═══ The data
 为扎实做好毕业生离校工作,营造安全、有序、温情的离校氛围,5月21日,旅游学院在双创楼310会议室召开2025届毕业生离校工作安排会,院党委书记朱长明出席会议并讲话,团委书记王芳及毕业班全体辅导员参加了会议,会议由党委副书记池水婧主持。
══════
═══ The data
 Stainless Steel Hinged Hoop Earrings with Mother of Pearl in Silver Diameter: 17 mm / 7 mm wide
══════
═══ The data
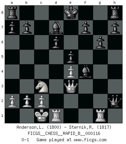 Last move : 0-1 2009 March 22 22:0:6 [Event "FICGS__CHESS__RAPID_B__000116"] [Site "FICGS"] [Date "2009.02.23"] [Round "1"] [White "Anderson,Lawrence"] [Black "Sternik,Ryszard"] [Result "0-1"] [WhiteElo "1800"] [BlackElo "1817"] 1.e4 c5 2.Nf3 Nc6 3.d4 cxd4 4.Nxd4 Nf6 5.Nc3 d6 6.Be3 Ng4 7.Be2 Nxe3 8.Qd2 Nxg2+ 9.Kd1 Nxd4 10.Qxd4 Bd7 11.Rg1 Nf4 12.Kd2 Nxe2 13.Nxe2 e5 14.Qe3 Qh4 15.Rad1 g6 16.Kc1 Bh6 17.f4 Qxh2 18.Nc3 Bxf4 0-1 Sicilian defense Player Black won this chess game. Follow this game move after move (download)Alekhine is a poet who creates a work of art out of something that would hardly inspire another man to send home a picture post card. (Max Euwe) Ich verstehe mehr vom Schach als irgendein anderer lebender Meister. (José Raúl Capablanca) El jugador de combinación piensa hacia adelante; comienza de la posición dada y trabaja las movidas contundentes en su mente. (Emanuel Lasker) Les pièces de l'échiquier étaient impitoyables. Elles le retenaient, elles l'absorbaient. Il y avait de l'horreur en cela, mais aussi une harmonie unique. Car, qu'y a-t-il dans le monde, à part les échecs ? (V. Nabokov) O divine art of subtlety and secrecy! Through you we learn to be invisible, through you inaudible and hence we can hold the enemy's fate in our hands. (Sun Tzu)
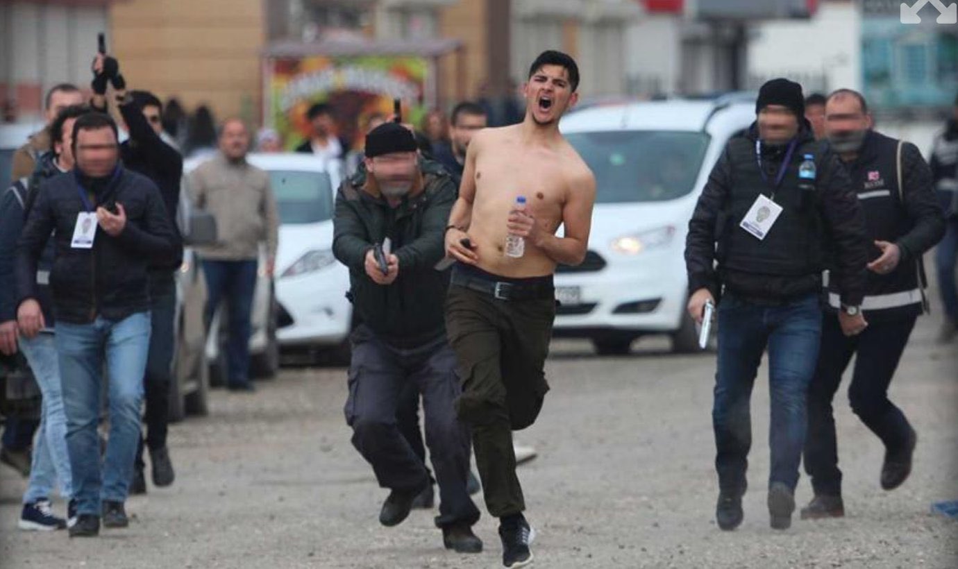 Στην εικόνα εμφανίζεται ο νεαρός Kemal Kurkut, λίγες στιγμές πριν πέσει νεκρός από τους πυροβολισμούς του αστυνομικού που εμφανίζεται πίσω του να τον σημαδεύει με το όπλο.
══════
Pictures excluded, reproduce only the part above that opens with the line holding "Last move : 0-1" and closes with the line holding "Στην εικόνα εμφανίζεται", exactly as written.

 Last move : 0-1 2009 March 22 22:0:6 [Event "FICGS__CHESS__RAPID_B__000116"] [Site "FICGS"] [Date "2009.02.23"] [Round "1"] [White "Anderson,Lawrence"] [Black "Sternik,Ryszard"] [Result "0-1"] [WhiteElo "1800"] [BlackElo "1817"] 1.e4 c5 2.Nf3 Nc6 3.d4 cxd4 4.Nxd4 Nf6 5.Nc3 d6 6.Be3 Ng4 7.Be2 Nxe3 8.Qd2 Nxg2+ 9.Kd1 Nxd4 10.Qxd4 Bd7 11.Rg1 Nf4 12.Kd2 Nxe2 13.Nxe2 e5 14.Qe3 Qh4 15.Rad1 g6 16.Kc1 Bh6 17.f4 Qxh2 18.Nc3 Bxf4 0-1 Sicilian defense Player Black won this chess game. Follow this game move after move (download)Alekhine is a poet who creates a work of art out of something that would hardly inspire another man to send home a picture post card. (Max Euwe) Ich verstehe mehr vom Schach als irgendein anderer lebender Meister. (José Raúl Capablanca) El jugador de combinación piensa hacia adelante; comienza de la posición dada y trabaja las movidas contundentes en su mente. (Emanuel Lasker) Les pièces de l'échiquier étaient impitoyables. Elles le retenaient, elles l'absorbaient. Il y avait de l'horreur en cela, mais aussi une harmonie unique. Car, qu'y a-t-il dans le monde, à part les échecs ? (V. Nabokov) O divine art of subtlety and secrecy! Through you we learn to be invisible, through you inaudible and hence we can hold the enemy's fate in our hands. (Sun Tzu)
 Στην εικόνα εμφανίζεται ο νεαρός Kemal Kurkut, λίγες στιγμές πριν πέσει νεκρός από τους πυροβολισμούς του αστυνομικού που εμφανίζεται πίσω του να τον σημαδεύει με το όπλο.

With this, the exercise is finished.